Top of Input data

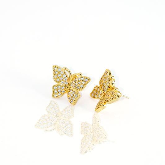 Brinco Borboleta Brilhante Cravejado E Banhado
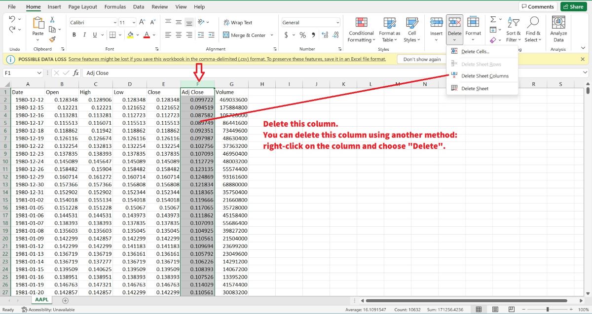 6 columns storing the Date, Open, High, Low, Close, and Volume historical
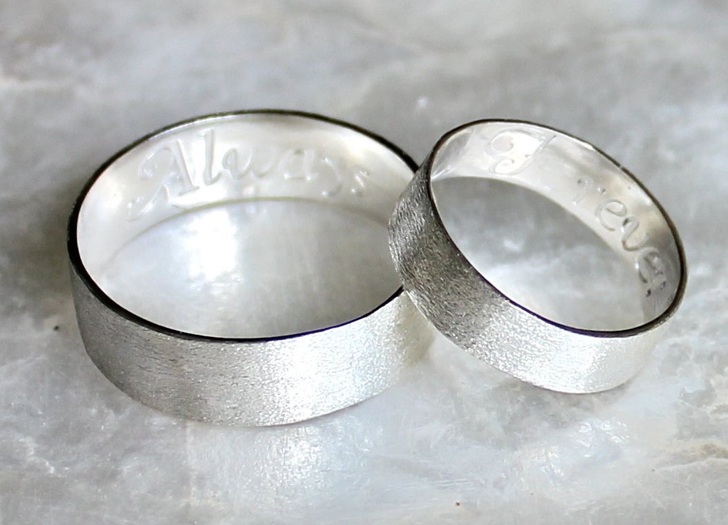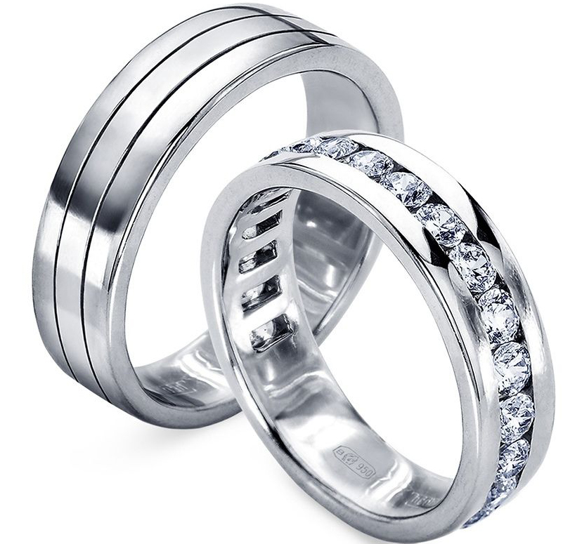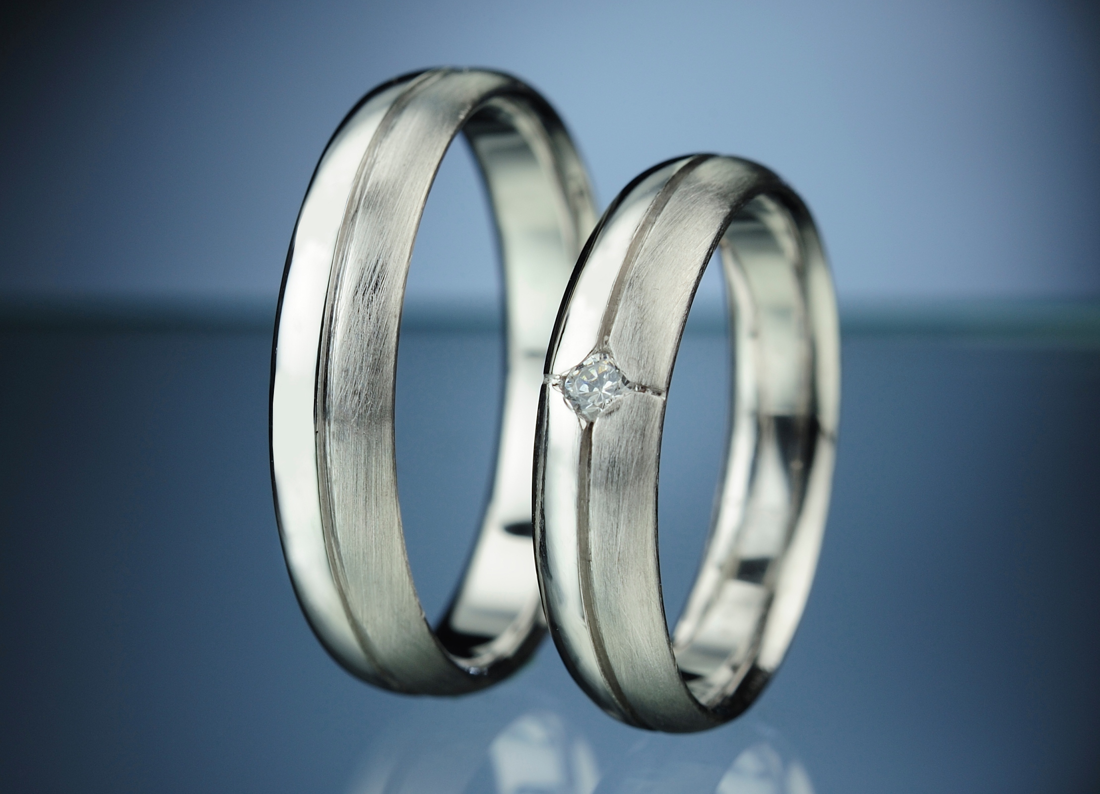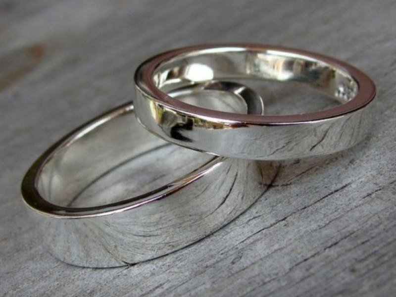 - D'argento - un metallo nobile duttile da cui vengono realizzati gioielli squisiti e poco costosi. In termini di intensità della lucentezza, le fedi nuziali in argento non sono praticamente inferiori ai prodotti in platino.

Bottom of Input data

**Your instructions:** Please write out exactly the lines from the one holding "6 columns storing" through the last line of the material above, both included, as a copy without pictures.

**Response:**
 6 columns storing the Date, Open, High, Low, Close, and Volume historical
 - D'argento - un metallo nobile duttile da cui vengono realizzati gioielli squisiti e poco costosi. In termini di intensità della lucentezza, le fedi nuziali in argento non sono praticamente inferiori ai prodotti in platino.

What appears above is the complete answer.